To head off any further yawns I'll cease my gurglings and just plain recommend that you pick up Wolf Hall asap. It won the 2009 Man Booker Prize, it’s just that good, and I'm about to snatch the sequel (winner of the 2012 Booker) Bring up the bodies. Wherein the first novel we get a peek at Cromwell’s meteoric rise, I expect the next to annal the later, muuuch darker period of his life. Spoiler Alert: like so many of the best stories, it ends in a beheading. I'm going to pick it up next time I actually leave the house. Join me, won't you?


Friday, November 9, 2012

A more heroic space...



Hello peeps. Quick post for my most rapacious fan base. I'm dropping a few pages of the book I'm working on at the moment, title TBA. (The pages are from the beginning and specifically chosen as to give nothing away.)

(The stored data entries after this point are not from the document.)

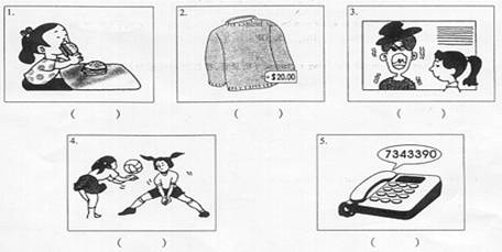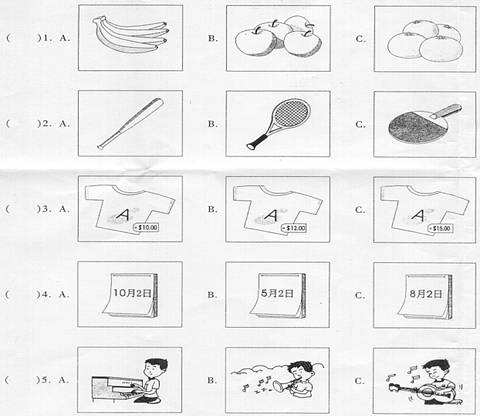 I. 听录音,选择正确的图画,每小题念一遍。(5分)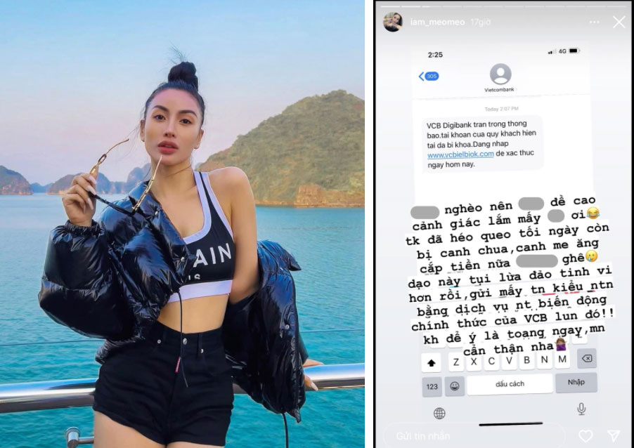 Người mới phải kêu trời khi gặp phải cảnh này là Meo Meo (tên thật là Lê Như Thuỳ) - hot girl đình đám một thời. Theo đó cô nhận được tin nhắn từ có tên ngân hàng rằng tài khoản đã bị khoá, cần phải truy cập theo 1 đường link để xác thực. Tuy nhiên Meo Meo không bị mắc bẫy mà thay vào đó đăng đàn, chia sẻ với mọi người: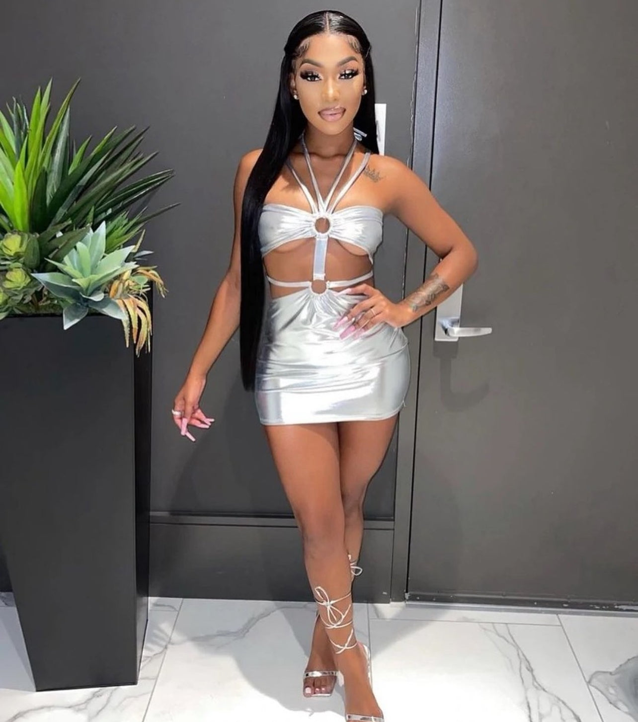 - Product design/details: multi spaghetti strap wrap mid rings mid cutout metallic style trendy faux leather mini dress

It comes from the agile mind of Stuart more, a comic writer of no mean pedigree, who started the project as a writing exercise to see how much STUFF could be packed into a script while keeping the story fluid as an otter through an oil slick. It's a little bit of a superhero thing, a lot a bit of a space thing, and all designed by yours truly. For anyone familiar with my own burgeoning comic series, Space Creep, you may notice Stuarts world is a titch more clean and welcoming then my own. More smiling and starched uniforms, fewer fatal prolapses. Needless to say, the whole thing'll be great. Issue #1's completion is immanent. Enjoy.

Tuesday, November 6, 2012

Copse of the Golden Bear


 This fellow (Timothy Moon) has just wandered into his destiny. From the same story as the last illustration.

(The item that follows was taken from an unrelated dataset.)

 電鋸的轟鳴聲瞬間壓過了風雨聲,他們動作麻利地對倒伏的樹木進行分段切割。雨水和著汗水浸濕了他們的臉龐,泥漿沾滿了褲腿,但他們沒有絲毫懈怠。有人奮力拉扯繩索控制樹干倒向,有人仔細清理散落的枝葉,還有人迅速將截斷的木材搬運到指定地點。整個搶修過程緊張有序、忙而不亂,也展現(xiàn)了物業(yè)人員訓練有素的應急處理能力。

The Whore and the Hierophant


This is a quickie illustration based off a story I made with some friends. These are the Delcroixs.  They have plans.

A Brief Introduction

My name is Gus Storms and this is my blog now. It's another step in my campaign to blitzkrieg Internet with my existence, body and soul, like some terrible, virile tornado. I'm telling you, it'll be crazy: illustration posts, Space Creep concept and updates, drawing of animals I like and much, much more! Whooaaah! Are you still holding on? Good. I also might talk about a book I'm reading from time to time, so get with it and strap the f**k in.

Addendum: Despite the last paragraph's invigoration, I expect this project (blogect?) will end prematurely, resolving in much the same way as that little mistake I made during a particularly randy highschool-drama party. That is to say, quickly and quietly aborted. I have mixed feelings, very much leaning towards the negative, concerning this type of shameless exhibitionism...but what the hell, Jonah friggin' Lehrer does it for the New York Times and everything worked out for him, right? Right?!

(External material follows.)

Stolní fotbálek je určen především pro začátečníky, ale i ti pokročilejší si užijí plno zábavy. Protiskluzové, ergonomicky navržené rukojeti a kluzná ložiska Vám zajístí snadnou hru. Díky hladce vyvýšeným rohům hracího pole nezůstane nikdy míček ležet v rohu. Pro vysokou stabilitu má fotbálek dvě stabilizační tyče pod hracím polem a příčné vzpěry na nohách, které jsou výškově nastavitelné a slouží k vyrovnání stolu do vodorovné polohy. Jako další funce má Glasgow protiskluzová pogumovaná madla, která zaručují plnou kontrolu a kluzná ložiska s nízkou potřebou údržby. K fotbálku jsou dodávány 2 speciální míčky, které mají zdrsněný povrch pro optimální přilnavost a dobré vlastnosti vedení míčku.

Lastly, a very quick, very specific message to anyone who reads/looks at this webpage: You're Amazing. Really great. Your intelligence is only outpaced by your talent and poise. The sheer magnitude of your charisma borders on the profane. Also, you're fantastic looking, I'm talking a perfect ten, and there is really no need to take any more s**t from those suppurating troglodytes that call themselves your friends. Seriously, this is just between you and me...shhh shhh, it's gonna be great.